Note: Despite the problems with the German Credit dataset, we will still be using it for this exercise. Reproducing the results is still possible, while drawing different conclusions from it. Maybe you are able to find something that should have raised some eyebrows in the original work.

For the next task, you will try to reproduce the results from someone else; a model from the paper called Fairness definitions explained3. Here is how the authors describe their model:

For our discussion, we trained an off-the-shelf logistic regression classifier in Python. We applied the ten-fold cross-validation technique, using 90% of the data for training and the remaining 10% of the data for testing and illustrating each of the definitions. We used numerical and binary attributes directly as features in the classification and converted each categorical attribute to a set of binary features, arriving at 48 features in total.

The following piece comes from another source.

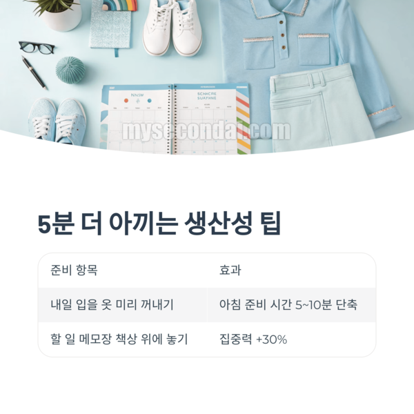 | 내일 입을 옷 미리 꺼내기 | 아침 준비 시간 5~10분 단축 |

  1. Read at least the first two pages of the paper (everything before the Statistical Metrics subsection)
  2. Think about what you know about the paper's approach to building a credit worth predictor, i.e. what processing have they done, what model did they build and how did they evaluate the performance?
  3. Try to reproduce the model. You will need to preprocess the data, like the authors have done. Are you able to derive the same coefficients as depicted in table 2 of the paper?
  4. Based on your knowledge from the course, how would you describe the approach the authors took, with regards to reproducibility? Is there something you would do differently ✏️ Write down your feedback into a separate markdown cell inside your notebook!

Feedback

We are interested in your feedback in order to improve this course. We will read all of your feedback and evaluate it. What you share may have a direct impact on the rest of the course, or future iterations of it.

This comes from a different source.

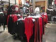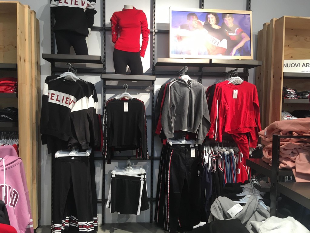 Proseguendo per il reparto, la parte dedicata all’urban è incentrata sulla vestibilità dedicata a tutti i giorni, più street e si possono trovare i jeans, i pantaloni e lo stile più ginnico, la banda orizzontale nelle felpe e lungo tutta la manica nelle t-shirt. Con una parete interamente dedicata agli anni 80, in cui prevale molto il rosso e il bordeaux.
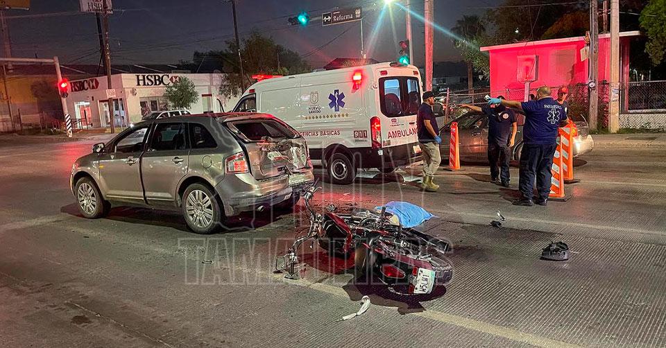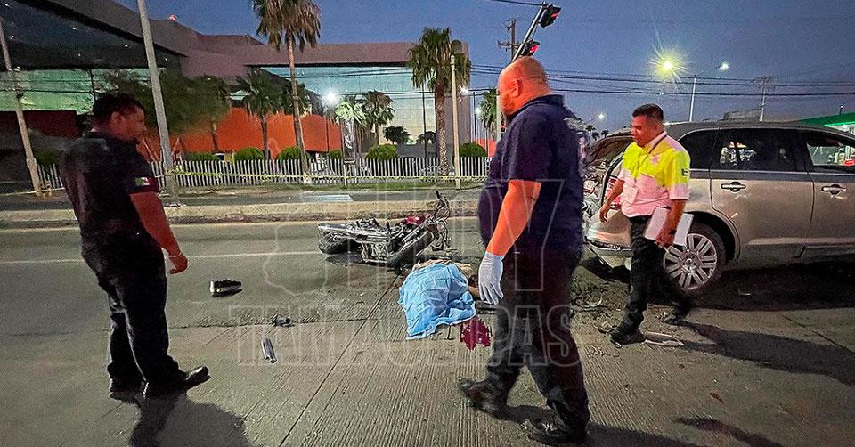 Nuevo Laredo, Tamaulipas.— Un trágico accidente cobró la vida de un joven motociclista y dejó a su acompañante lesionado, luego de que se estrellaron a alta velocidad contra una camioneta cuyo chofer esperaba el cambio de luz en un semáforo de la Avenida Reforma de Nuevo Laredo.

Add a file called feedback.txt to your group folder.

Write down your feedback on the lecture, the exercises, or the assignments in the text file. Please also write down roughly how much time you needed for the assignment. You may also write about your insights, what you found interesting, or questions that you have.

Checklist for Deliverables

  • A3_Reproducibility.ipynb
  • README.txt or file another file describing your data
  • feedback.txt
  • commit hash

References

1 Professor Dr. Hans Hofmann (1994). Statlog (German Credit Data) Data Set, UCI Machine Learning Repository.

2 Ulrike Grömping (2019). South German Credit Data Set, UCI Machine Learning Repository.

3 S. Verma and J. Rubin, “Fairness definitions explained,” in Proceedings of the International Workshop on Software Fairness, Gothenburg Sweden, May 2018, pp. 1–7. doi: 10.1145/3194770.3194776.